Records shown:
• • •
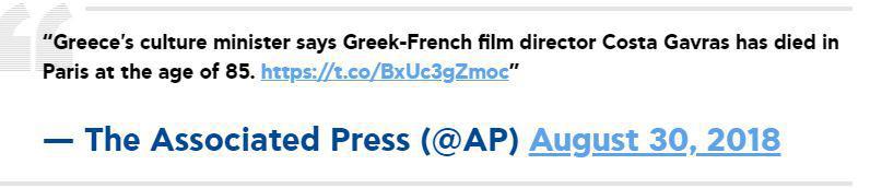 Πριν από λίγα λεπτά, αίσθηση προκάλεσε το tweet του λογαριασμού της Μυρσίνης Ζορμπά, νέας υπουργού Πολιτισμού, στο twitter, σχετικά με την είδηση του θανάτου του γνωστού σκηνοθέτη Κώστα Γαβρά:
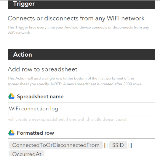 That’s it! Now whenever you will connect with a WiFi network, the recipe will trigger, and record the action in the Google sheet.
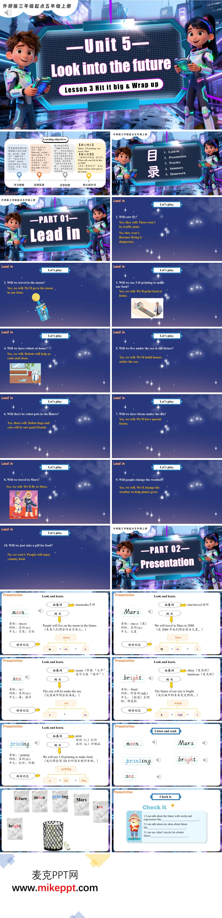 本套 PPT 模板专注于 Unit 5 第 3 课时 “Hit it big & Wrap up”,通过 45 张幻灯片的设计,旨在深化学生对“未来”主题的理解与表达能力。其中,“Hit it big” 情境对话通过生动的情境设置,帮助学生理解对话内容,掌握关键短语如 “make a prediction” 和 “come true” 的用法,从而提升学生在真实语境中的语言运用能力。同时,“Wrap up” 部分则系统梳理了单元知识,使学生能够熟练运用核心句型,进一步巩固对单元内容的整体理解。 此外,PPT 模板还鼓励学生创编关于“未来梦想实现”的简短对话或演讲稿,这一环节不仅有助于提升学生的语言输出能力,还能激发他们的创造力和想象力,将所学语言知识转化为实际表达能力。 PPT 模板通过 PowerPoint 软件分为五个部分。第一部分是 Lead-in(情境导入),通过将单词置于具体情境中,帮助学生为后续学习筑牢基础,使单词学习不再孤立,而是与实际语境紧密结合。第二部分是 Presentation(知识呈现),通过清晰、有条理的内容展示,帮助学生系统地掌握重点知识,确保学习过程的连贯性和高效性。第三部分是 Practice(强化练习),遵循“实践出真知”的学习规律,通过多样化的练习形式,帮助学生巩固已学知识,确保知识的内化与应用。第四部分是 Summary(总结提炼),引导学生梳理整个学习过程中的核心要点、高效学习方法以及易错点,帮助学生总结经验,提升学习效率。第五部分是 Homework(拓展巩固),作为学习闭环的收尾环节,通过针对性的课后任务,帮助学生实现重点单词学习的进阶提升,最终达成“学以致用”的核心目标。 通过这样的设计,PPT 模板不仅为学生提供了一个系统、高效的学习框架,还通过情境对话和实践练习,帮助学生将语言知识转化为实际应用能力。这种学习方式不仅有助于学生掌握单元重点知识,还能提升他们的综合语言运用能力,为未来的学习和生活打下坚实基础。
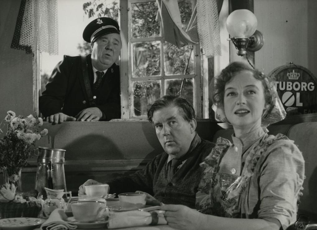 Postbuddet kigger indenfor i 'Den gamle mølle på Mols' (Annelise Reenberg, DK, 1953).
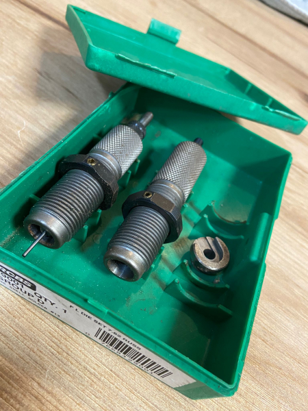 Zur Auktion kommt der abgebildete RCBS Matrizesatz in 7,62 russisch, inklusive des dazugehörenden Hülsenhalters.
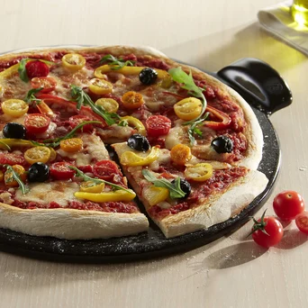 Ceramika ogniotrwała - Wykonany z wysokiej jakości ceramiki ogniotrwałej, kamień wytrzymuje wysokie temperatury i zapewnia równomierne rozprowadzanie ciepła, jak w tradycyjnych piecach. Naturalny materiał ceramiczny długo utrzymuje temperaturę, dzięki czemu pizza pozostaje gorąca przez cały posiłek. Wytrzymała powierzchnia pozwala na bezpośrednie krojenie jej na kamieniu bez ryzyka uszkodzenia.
• • •
What this task involves: Nothing but the records, copied exactly and stripped of pictures, should be returned.

Written solution:
 Πριν από λίγα λεπτά, αίσθηση προκάλεσε το tweet του λογαριασμού της Μυρσίνης Ζορμπά, νέας υπουργού Πολιτισμού, στο twitter, σχετικά με την είδηση του θανάτου του γνωστού σκηνοθέτη Κώστα Γαβρά:
 That’s it! Now whenever you will connect with a WiFi network, the recipe will trigger, and record the action in the Google sheet.
 本套 PPT 模板专注于 Unit 5 第 3 课时 “Hit it big & Wrap up”,通过 45 张幻灯片的设计,旨在深化学生对“未来”主题的理解与表达能力。其中,“Hit it big” 情境对话通过生动的情境设置,帮助学生理解对话内容,掌握关键短语如 “make a prediction” 和 “come true” 的用法,从而提升学生在真实语境中的语言运用能力。同时,“Wrap up” 部分则系统梳理了单元知识,使学生能够熟练运用核心句型,进一步巩固对单元内容的整体理解。 此外,PPT 模板还鼓励学生创编关于“未来梦想实现”的简短对话或演讲稿,这一环节不仅有助于提升学生的语言输出能力,还能激发他们的创造力和想象力,将所学语言知识转化为实际表达能力。 PPT 模板通过 PowerPoint 软件分为五个部分。第一部分是 Lead-in(情境导入),通过将单词置于具体情境中,帮助学生为后续学习筑牢基础,使单词学习不再孤立,而是与实际语境紧密结合。第二部分是 Presentation(知识呈现),通过清晰、有条理的内容展示,帮助学生系统地掌握重点知识,确保学习过程的连贯性和高效性。第三部分是 Practice(强化练习),遵循“实践出真知”的学习规律,通过多样化的练习形式,帮助学生巩固已学知识,确保知识的内化与应用。第四部分是 Summary(总结提炼),引导学生梳理整个学习过程中的核心要点、高效学习方法以及易错点,帮助学生总结经验,提升学习效率。第五部分是 Homework(拓展巩固),作为学习闭环的收尾环节,通过针对性的课后任务,帮助学生实现重点单词学习的进阶提升,最终达成“学以致用”的核心目标。 通过这样的设计,PPT 模板不仅为学生提供了一个系统、高效的学习框架,还通过情境对话和实践练习,帮助学生将语言知识转化为实际应用能力。这种学习方式不仅有助于学生掌握单元重点知识,还能提升他们的综合语言运用能力,为未来的学习和生活打下坚实基础。
 Postbuddet kigger indenfor i 'Den gamle mølle på Mols' (Annelise Reenberg, DK, 1953).
 Zur Auktion kommt der abgebildete RCBS Matrizesatz in 7,62 russisch, inklusive des dazugehörenden Hülsenhalters.
 Ceramika ogniotrwała - Wykonany z wysokiej jakości ceramiki ogniotrwałej, kamień wytrzymuje wysokie temperatury i zapewnia równomierne rozprowadzanie ciepła, jak w tradycyjnych piecach. Naturalny materiał ceramiczny długo utrzymuje temperaturę, dzięki czemu pizza pozostaje gorąca przez cały posiłek. Wytrzymała powierzchnia pozwala na bezpośrednie krojenie jej na kamieniu bez ryzyka uszkodzenia.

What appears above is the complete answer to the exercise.